>>>>

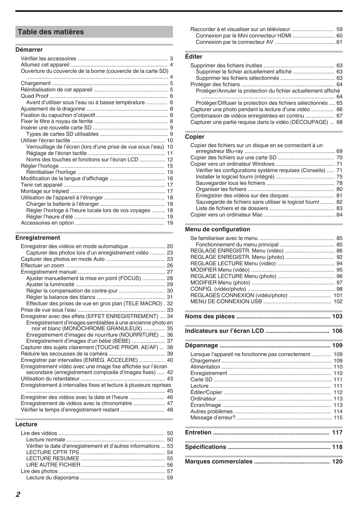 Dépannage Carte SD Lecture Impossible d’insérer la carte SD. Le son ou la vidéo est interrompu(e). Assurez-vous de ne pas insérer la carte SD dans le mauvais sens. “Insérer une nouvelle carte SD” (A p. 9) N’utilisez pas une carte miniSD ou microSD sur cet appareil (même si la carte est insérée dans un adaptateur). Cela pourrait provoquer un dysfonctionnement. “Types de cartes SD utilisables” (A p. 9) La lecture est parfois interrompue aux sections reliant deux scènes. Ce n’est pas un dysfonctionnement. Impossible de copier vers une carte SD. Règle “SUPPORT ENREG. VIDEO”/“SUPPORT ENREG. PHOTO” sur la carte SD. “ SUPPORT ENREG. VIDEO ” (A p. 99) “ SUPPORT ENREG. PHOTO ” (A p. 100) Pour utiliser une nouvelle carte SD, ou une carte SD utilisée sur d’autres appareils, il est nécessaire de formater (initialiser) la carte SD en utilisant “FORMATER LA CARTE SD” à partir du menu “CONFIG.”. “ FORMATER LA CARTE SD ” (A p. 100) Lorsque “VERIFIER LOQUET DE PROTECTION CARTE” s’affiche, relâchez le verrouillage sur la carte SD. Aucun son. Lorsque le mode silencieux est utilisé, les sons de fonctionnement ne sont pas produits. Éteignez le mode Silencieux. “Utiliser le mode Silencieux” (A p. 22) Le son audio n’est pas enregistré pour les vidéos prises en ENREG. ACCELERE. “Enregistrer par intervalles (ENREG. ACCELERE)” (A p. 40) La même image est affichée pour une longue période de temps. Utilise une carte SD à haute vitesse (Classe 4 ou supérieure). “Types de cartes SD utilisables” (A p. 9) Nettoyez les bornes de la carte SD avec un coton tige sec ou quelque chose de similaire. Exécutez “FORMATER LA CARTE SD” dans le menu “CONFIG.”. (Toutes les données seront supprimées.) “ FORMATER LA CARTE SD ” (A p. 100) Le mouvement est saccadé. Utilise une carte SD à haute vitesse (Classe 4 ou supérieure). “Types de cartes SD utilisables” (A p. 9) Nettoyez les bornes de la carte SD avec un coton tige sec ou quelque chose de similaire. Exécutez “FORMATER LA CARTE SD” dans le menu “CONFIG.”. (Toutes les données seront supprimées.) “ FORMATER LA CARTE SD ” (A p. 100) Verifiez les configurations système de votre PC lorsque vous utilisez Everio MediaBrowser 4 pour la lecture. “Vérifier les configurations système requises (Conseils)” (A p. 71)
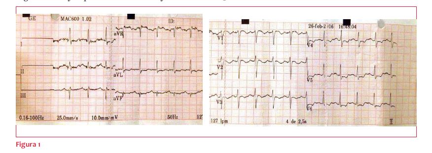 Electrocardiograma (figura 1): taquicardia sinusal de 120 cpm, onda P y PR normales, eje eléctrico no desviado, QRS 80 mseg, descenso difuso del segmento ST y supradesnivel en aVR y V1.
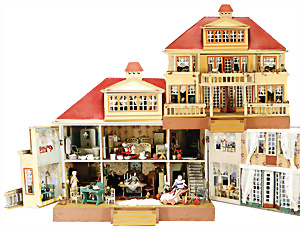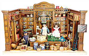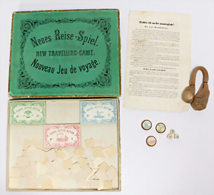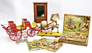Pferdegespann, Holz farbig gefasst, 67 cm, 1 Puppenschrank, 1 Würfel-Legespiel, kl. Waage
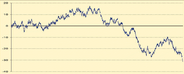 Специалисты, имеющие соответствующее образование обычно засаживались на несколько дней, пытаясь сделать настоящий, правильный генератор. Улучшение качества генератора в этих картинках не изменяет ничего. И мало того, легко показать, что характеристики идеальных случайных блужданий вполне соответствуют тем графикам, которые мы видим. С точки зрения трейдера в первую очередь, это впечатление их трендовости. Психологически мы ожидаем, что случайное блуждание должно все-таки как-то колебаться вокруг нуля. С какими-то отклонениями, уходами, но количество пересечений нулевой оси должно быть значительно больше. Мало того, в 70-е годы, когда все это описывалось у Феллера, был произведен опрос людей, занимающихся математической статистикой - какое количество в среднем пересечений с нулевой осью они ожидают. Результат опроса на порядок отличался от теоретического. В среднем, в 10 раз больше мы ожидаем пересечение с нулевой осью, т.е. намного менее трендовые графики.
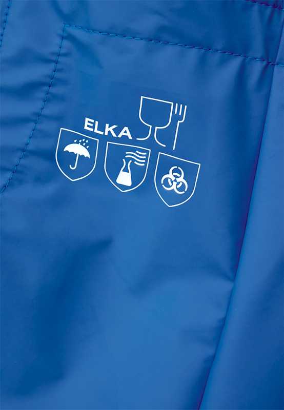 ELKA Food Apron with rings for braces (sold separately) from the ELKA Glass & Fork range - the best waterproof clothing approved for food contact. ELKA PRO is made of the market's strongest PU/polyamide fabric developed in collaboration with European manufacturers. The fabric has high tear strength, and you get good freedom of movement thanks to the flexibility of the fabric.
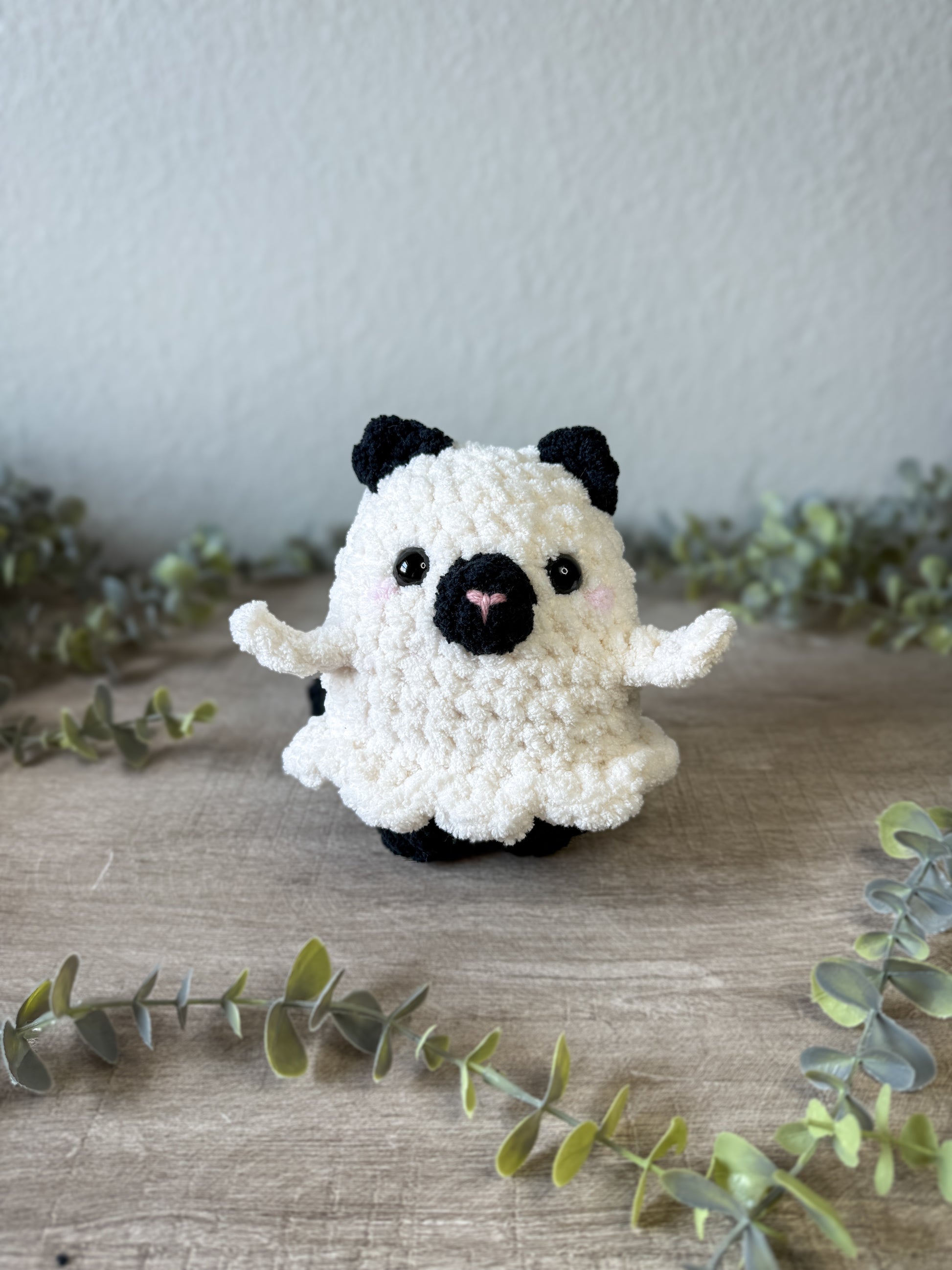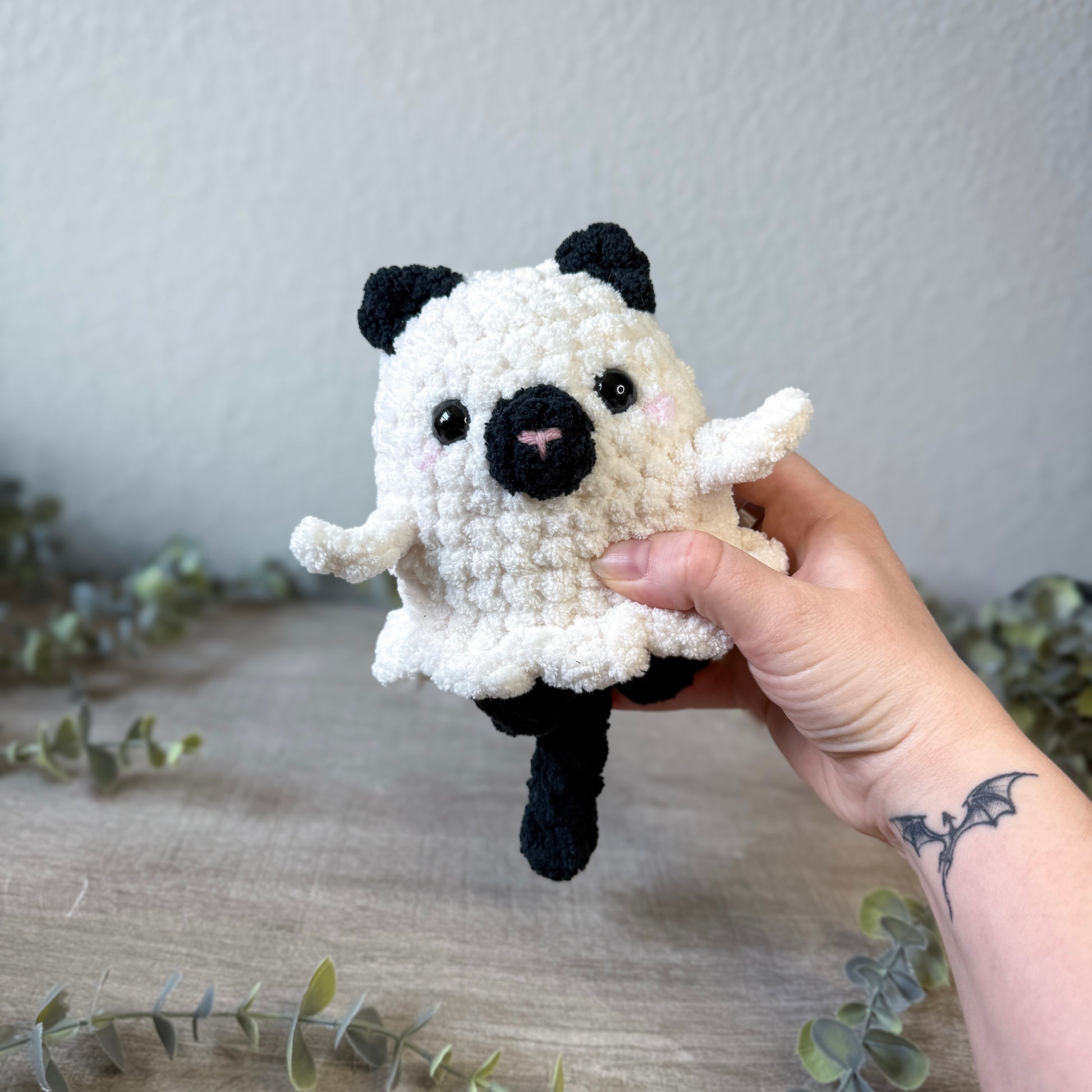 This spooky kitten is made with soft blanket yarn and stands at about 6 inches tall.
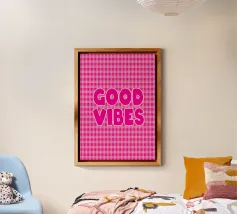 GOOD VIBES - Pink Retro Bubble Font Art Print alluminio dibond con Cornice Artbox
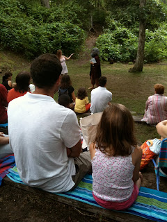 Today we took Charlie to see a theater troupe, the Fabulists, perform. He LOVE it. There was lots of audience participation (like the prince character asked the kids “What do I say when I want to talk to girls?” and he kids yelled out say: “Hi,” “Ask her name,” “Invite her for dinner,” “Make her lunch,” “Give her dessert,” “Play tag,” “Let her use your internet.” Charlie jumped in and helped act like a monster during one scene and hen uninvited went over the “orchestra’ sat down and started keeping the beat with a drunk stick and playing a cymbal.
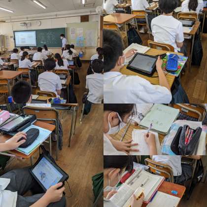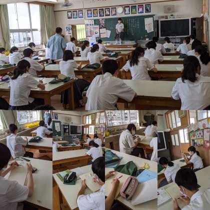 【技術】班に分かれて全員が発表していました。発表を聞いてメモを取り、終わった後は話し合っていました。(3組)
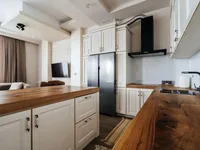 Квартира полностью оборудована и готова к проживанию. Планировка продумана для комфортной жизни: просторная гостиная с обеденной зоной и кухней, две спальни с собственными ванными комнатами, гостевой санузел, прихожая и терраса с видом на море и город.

<<<<

Set down the records in full and exactly. Do not carry over any image.

### SOLVED EXERCISE
 Dépannage Carte SD Lecture Impossible d’insérer la carte SD. Le son ou la vidéo est interrompu(e). Assurez-vous de ne pas insérer la carte SD dans le mauvais sens. “Insérer une nouvelle carte SD” (A p. 9) N’utilisez pas une carte miniSD ou microSD sur cet appareil (même si la carte est insérée dans un adaptateur). Cela pourrait provoquer un dysfonctionnement. “Types de cartes SD utilisables” (A p. 9) La lecture est parfois interrompue aux sections reliant deux scènes. Ce n’est pas un dysfonctionnement. Impossible de copier vers une carte SD. Règle “SUPPORT ENREG. VIDEO”/“SUPPORT ENREG. PHOTO” sur la carte SD. “ SUPPORT ENREG. VIDEO ” (A p. 99) “ SUPPORT ENREG. PHOTO ” (A p. 100) Pour utiliser une nouvelle carte SD, ou une carte SD utilisée sur d’autres appareils, il est nécessaire de formater (initialiser) la carte SD en utilisant “FORMATER LA CARTE SD” à partir du menu “CONFIG.”. “ FORMATER LA CARTE SD ” (A p. 100) Lorsque “VERIFIER LOQUET DE PROTECTION CARTE” s’affiche, relâchez le verrouillage sur la carte SD. Aucun son. Lorsque le mode silencieux est utilisé, les sons de fonctionnement ne sont pas produits. Éteignez le mode Silencieux. “Utiliser le mode Silencieux” (A p. 22) Le son audio n’est pas enregistré pour les vidéos prises en ENREG. ACCELERE. “Enregistrer par intervalles (ENREG. ACCELERE)” (A p. 40) La même image est affichée pour une longue période de temps. Utilise une carte SD à haute vitesse (Classe 4 ou supérieure). “Types de cartes SD utilisables” (A p. 9) Nettoyez les bornes de la carte SD avec un coton tige sec ou quelque chose de similaire. Exécutez “FORMATER LA CARTE SD” dans le menu “CONFIG.”. (Toutes les données seront supprimées.) “ FORMATER LA CARTE SD ” (A p. 100) Le mouvement est saccadé. Utilise une carte SD à haute vitesse (Classe 4 ou supérieure). “Types de cartes SD utilisables” (A p. 9) Nettoyez les bornes de la carte SD avec un coton tige sec ou quelque chose de similaire. Exécutez “FORMATER LA CARTE SD” dans le menu “CONFIG.”. (Toutes les données seront supprimées.) “ FORMATER LA CARTE SD ” (A p. 100) Verifiez les configurations système de votre PC lorsque vous utilisez Everio MediaBrowser 4 pour la lecture. “Vérifier les configurations système requises (Conseils)” (A p. 71)
 Electrocardiograma (figura 1): taquicardia sinusal de 120 cpm, onda P y PR normales, eje eléctrico no desviado, QRS 80 mseg, descenso difuso del segmento ST y supradesnivel en aVR y V1.
Pferdegespann, Holz farbig gefasst, 67 cm, 1 Puppenschrank, 1 Würfel-Legespiel, kl. Waage
 Специалисты, имеющие соответствующее образование обычно засаживались на несколько дней, пытаясь сделать настоящий, правильный генератор. Улучшение качества генератора в этих картинках не изменяет ничего. И мало того, легко показать, что характеристики идеальных случайных блужданий вполне соответствуют тем графикам, которые мы видим. С точки зрения трейдера в первую очередь, это впечатление их трендовости. Психологически мы ожидаем, что случайное блуждание должно все-таки как-то колебаться вокруг нуля. С какими-то отклонениями, уходами, но количество пересечений нулевой оси должно быть значительно больше. Мало того, в 70-е годы, когда все это описывалось у Феллера, был произведен опрос людей, занимающихся математической статистикой - какое количество в среднем пересечений с нулевой осью они ожидают. Результат опроса на порядок отличался от теоретического. В среднем, в 10 раз больше мы ожидаем пересечение с нулевой осью, т.е. намного менее трендовые графики.
 ELKA Food Apron with rings for braces (sold separately) from the ELKA Glass & Fork range - the best waterproof clothing approved for food contact. ELKA PRO is made of the market's strongest PU/polyamide fabric developed in collaboration with European manufacturers. The fabric has high tear strength, and you get good freedom of movement thanks to the flexibility of the fabric.
 This spooky kitten is made with soft blanket yarn and stands at about 6 inches tall.
 GOOD VIBES - Pink Retro Bubble Font Art Print alluminio dibond con Cornice Artbox
 Today we took Charlie to see a theater troupe, the Fabulists, perform. He LOVE it. There was lots of audience participation (like the prince character asked the kids “What do I say when I want to talk to girls?” and he kids yelled out say: “Hi,” “Ask her name,” “Invite her for dinner,” “Make her lunch,” “Give her dessert,” “Play tag,” “Let her use your internet.” Charlie jumped in and helped act like a monster during one scene and hen uninvited went over the “orchestra’ sat down and started keeping the beat with a drunk stick and playing a cymbal.
 【技術】班に分かれて全員が発表していました。発表を聞いてメモを取り、終わった後は話し合っていました。(3組)
 Квартира полностью оборудована и готова к проживанию. Планировка продумана для комфортной жизни: просторная гостиная с обеденной зоной и кухней, две спальни с собственными ванными комнатами, гостевой санузел, прихожая и терраса с видом на море и город.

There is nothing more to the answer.